PTS wants all childcare subsidies to begin at the end of parental leave and the government to boost funding so costs are capped at 5% of a household’s income. It also wants an increase in quality childcare, expanded Special Educational Needs (SEN) services, and for early childhood educators’ pay brought into line with schoolteachers’ remuneration to address staff shortages.
Responding to queries about what work was underway to address growing childcare expenses, a Department for Education spokesperson said: “We have spent more than £4 billion in each of the past five years to support families with the cost of childcare and thousands of parents are benefitting from government childcare support.

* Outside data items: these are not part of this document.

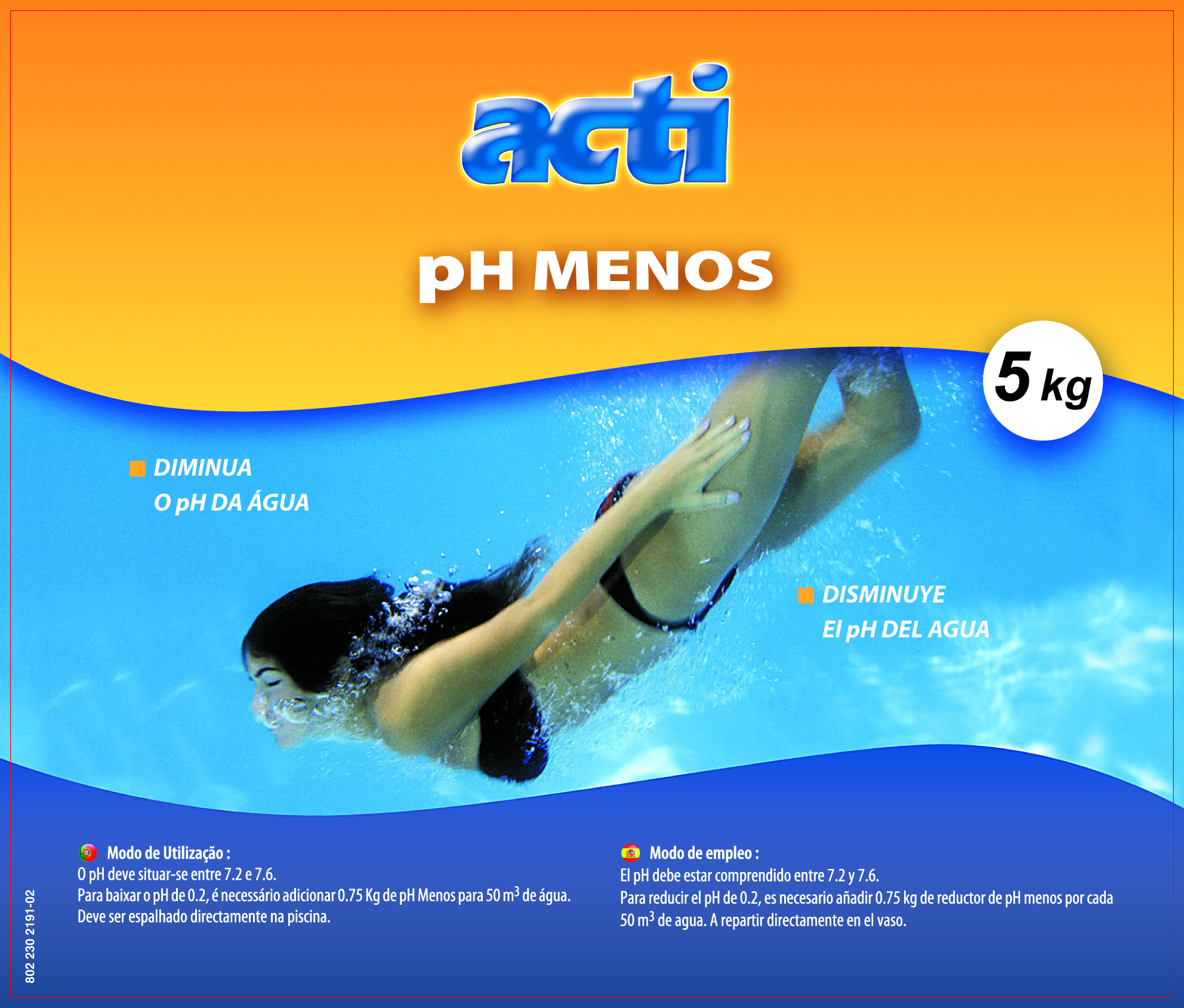 O Ph deve situar-se entre 7,2 e 7,6. Para baixar o pH 0,2 é necessário adicionar 0,5kg de pH menos para 10m3 de água. Deve ser espalhado directamente na piscina. Fazer esta operação faseada com intervalo de 2 horas entre cada uma.
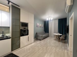 —В комнатах кондиционеры, вся техника встроенная: холодильник, микроволновая печь, посудомоечная машина, вытяжная система, духовой шкаф, варочная панель, телевизор, умное биде в сан. узле. Квартира полностью готова к заселению.
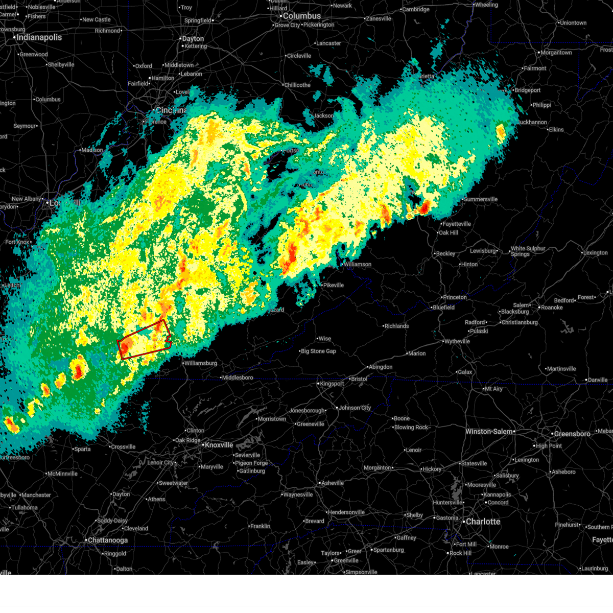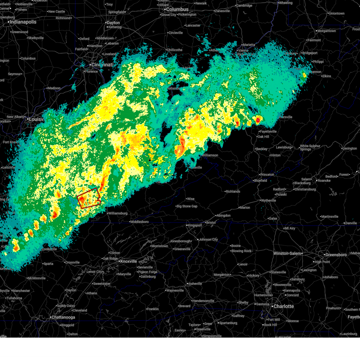 At 1156 pm edt, severe thunderstorms were located along a line extending from palmer to near science hill, moving east at 35 mph (radar indicated). Hazards include 60 mph wind gusts and penny size hail. Expect damage to roofs, siding, and trees. these severe storms will be near, clover bottom around 1200 am edt. Other locations in the path of these severe thunderstorms include goochland, jep hill, alumbaugh, carico and slade.
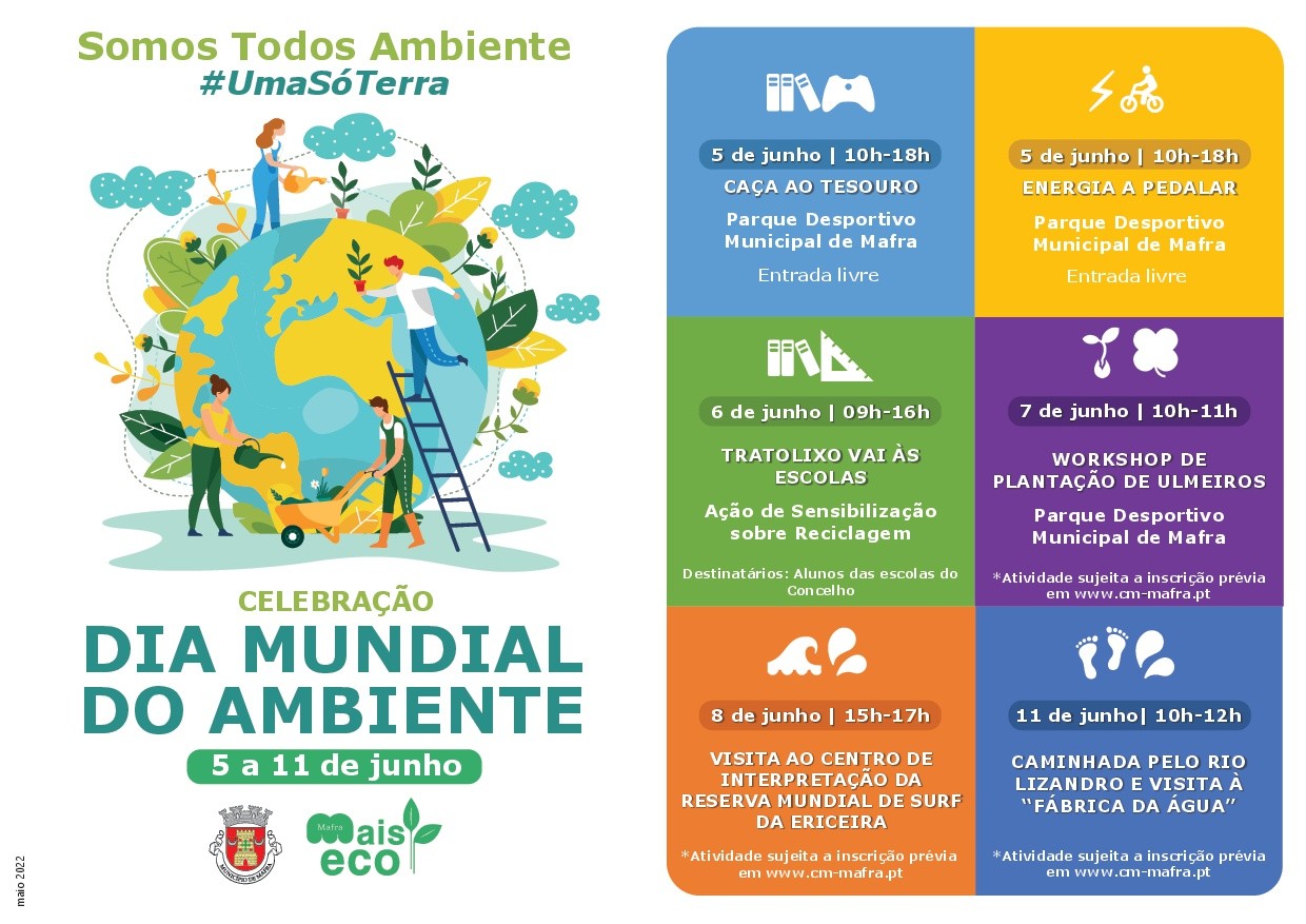 Para assinalar o Dia Mundial do Ambiente, comemorado a 5 de junho, a Câmara Municipal de Mafra promove a Semana do Ambiente, a decorrer entre os dias 5 e 11 de junho, no Parque Desportivo Municipal de Mafra e na Ericeira.

"Improving the cost, choice and availability of childcare for working parents is a key priority for this government. In July we set out our initial reform plans, including launching a consultation on staff to child ratios.
“We are exploring a wide range of options to make childcare more accessible and affordable for parents, but no decisions have been made.”
The Sunak government has signalled belt-tightening ahead, as it prepares to grapple with a multibillion-pound black hole in Britain's public finances.
But Joeli rejects any argument that the country cannot afford more spending, “Childcare is investment,” she insists. “It’s not a cost.
“All the evidence shows when you help women into work the economy grows...We need to invest in that infrastructure, so that parents can go back to work.”